The paper in Nature Communications can be found here: https://doi.org/10.1038/s41467-018-04671-1
As part of the innate response to HIV infections, restriction factors are able to recognize viral components and, as a consequence, to directly block viral replication. In 2011, SAMHD1 came into the “virology limelight” for restricting HIV-1 infection in non-cycling myeloid cells (like macrophages and dendritic cells) and resting CD4+ T cells. Surprisingly, SAMHD1-mediated restriction could not be observed in non-synchronized (an important fact - as explained later), cycling cells.
SAMHD1 expression alone is not enough to block HIV-1 replication: Indeed, CDK-mediated phosphorylation of residue T592 was subsequently identified to (solely) shut down SAMHD1’s restrictive activity in dividing cells1,2. As a consequence, we were interested in characterizing SAMHD1 phosphorylation at T592 during cell cycle-progression in yet more detail: In our study, we could show that T592 phosphorylation is present from S to G2/M phase, but is rapidly removed upon G1 entry. But which cellular phosphatase was responsible for this abrupt dephosphorylation? Initial mass spectrometry results pointed at PP2A, a ubiquitously expressed serine/ threonine phosphatase, but our first CoIP results aiming at confirming the interaction of PP2A with SAMHD1 were somewhat discouraging (well, to put it nicely).
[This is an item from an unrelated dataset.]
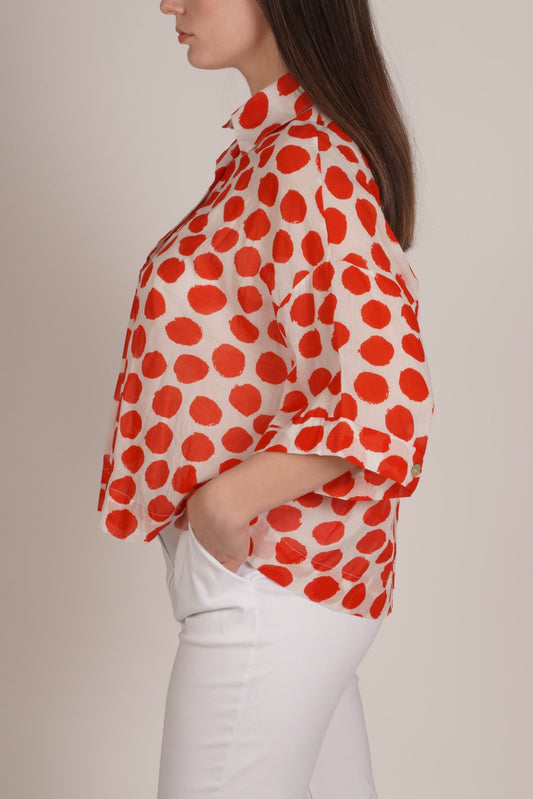 Red Polka Dot 3/4 Sleeve Button-Up Top

As chance would have it, my adviser Renate König was lucky to meet Veerle Janssens, one of her fellow examiners, at a PhD defense in Leuven – the PP2A expert urgently needed to get the project going! To tackle the initial CoIP problem, we directly set up a “PhD student exchange” - allowing me to stay in Leuven for a few weeks and quickly get to know PP2A.
Together, we were able to show that SAMHD1 specifically interacts with PP2A-B55α holoenzymes and that these PP2A trimers are able to remove T592 phosphorylation in vitro. Additionally, chemical inhibition or silencing of PP2A by siRNA led to an increase in SAMHD1 pT592-levels – further supporting PP2A’s involvement in SAMHD1 regulation in the cellular context. We could even show that PP2A-B55α holoenzymes target and dephosphorylate SAMHD1 at T592 in cycling cells during a brief time window at the end of mitosis, the so-called mitotic exit (within only approx. 20 min).
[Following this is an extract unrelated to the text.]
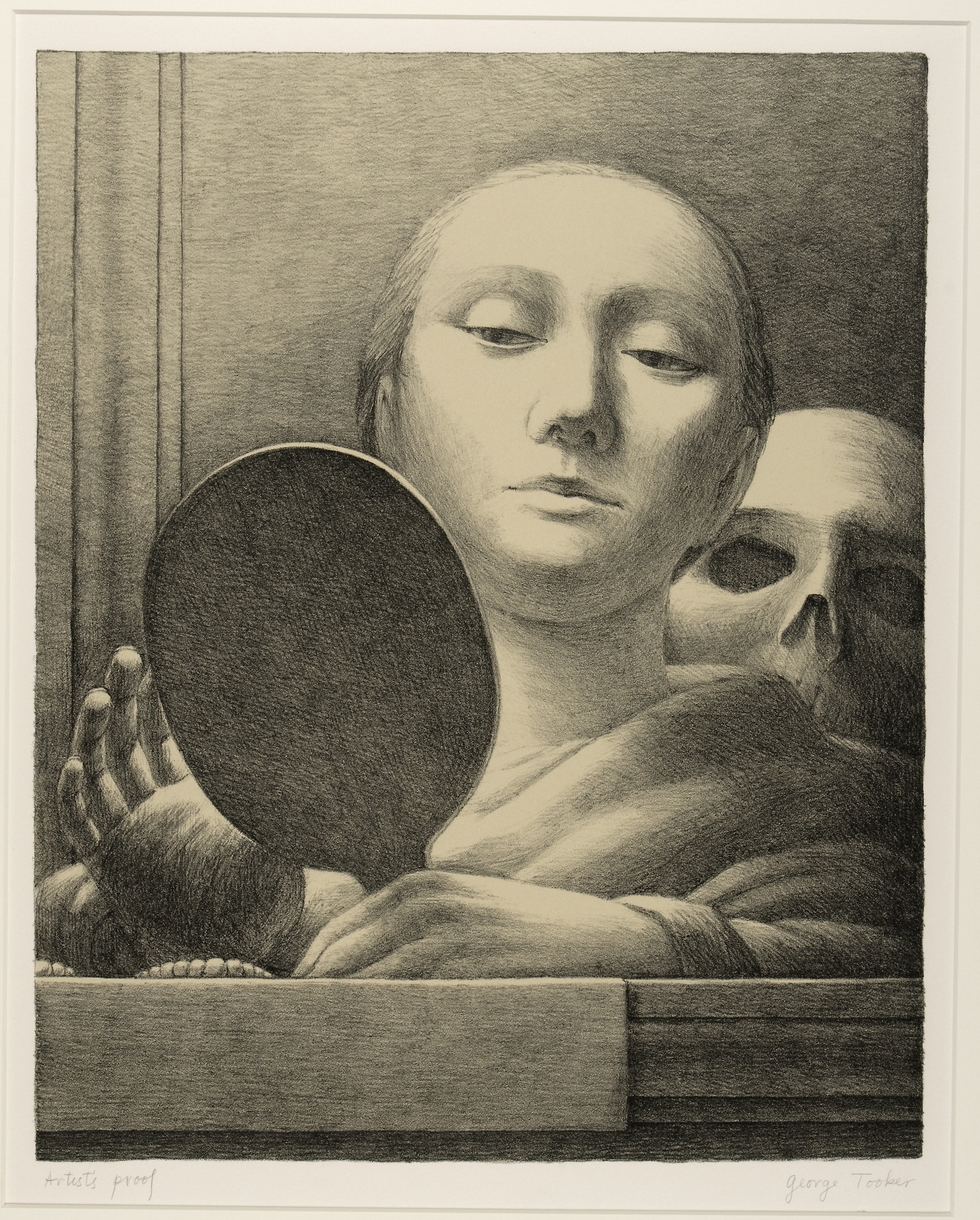 Image of a woman looking into a hand-mirror with a skull in the background Edition: Artist's Proof

Actually, SAMHD1 is dephosphorylated at T592 each time cycling cells re-enter interphase after mitosis. As a result, we were wondering whether SAMHD1 was able to reduce HIV-1 infection in the G1 stage. Would SAMHD1 be active against HIV-1 – even in cycling cells? Therefore, we infected – instead of a bulk of cycling cells – synchronized HeLa as well as (activated) primary CD4+ T cells at different cell cycle-stages displaying differing SAMHD1 pT592-levels. Indeed, we could observe a reduction of RT products upon G1 entry, compared to cells infected in S to G2/M phase, which was dependent on the presence of SAMHD1 dephosphorylated at T592. Our observations could implicate that HIV-1 replication could be, at least, slowed down in G1 phase of activated CD4+ T cells – the primary targets for HIV-1 infection.
But how does T592 phosphorylation control SAMHD1’s antiviral activity? Is SAMHD1’s dNTPase activity, for instance, modulated by T592 phosphorylation? Or other (potentially, yet to be characterized) functions that could contribute to HIV-1 restriction? The conundrum still remains; therefore, further experiments are urgently needed to clarify the exact mechanism. Nevertheless, our study reinforces that SAMHD1 T592 phosphorylation is (and has to be) strictly controlled to allow for its proper function during diverse cellular processes, like DNA damage signaling as shown recently3, and for HIV-1 restriction.
- White, T. E. et al. The retroviral restriction ability of SAMHD1, but not its deoxynucleotide triphosphohydrolase activity, is regulated by phosphorylation. Cell Host Microbe 13, 441–451 (2013).
- Cribier, A., Descours, B., Valadao, A. L. C., Laguette, N. & Benkirane, M. Phosphorylation of SAMHD1 by cyclin A2/CDK1 regulates its restriction activity toward HIV-1. Cell Rep. 3, 1036–1043 (2013).
- Coquel, F. et al. SAMHD1 acts at stalled replication forks to prevent interferon induction. Nature (2018).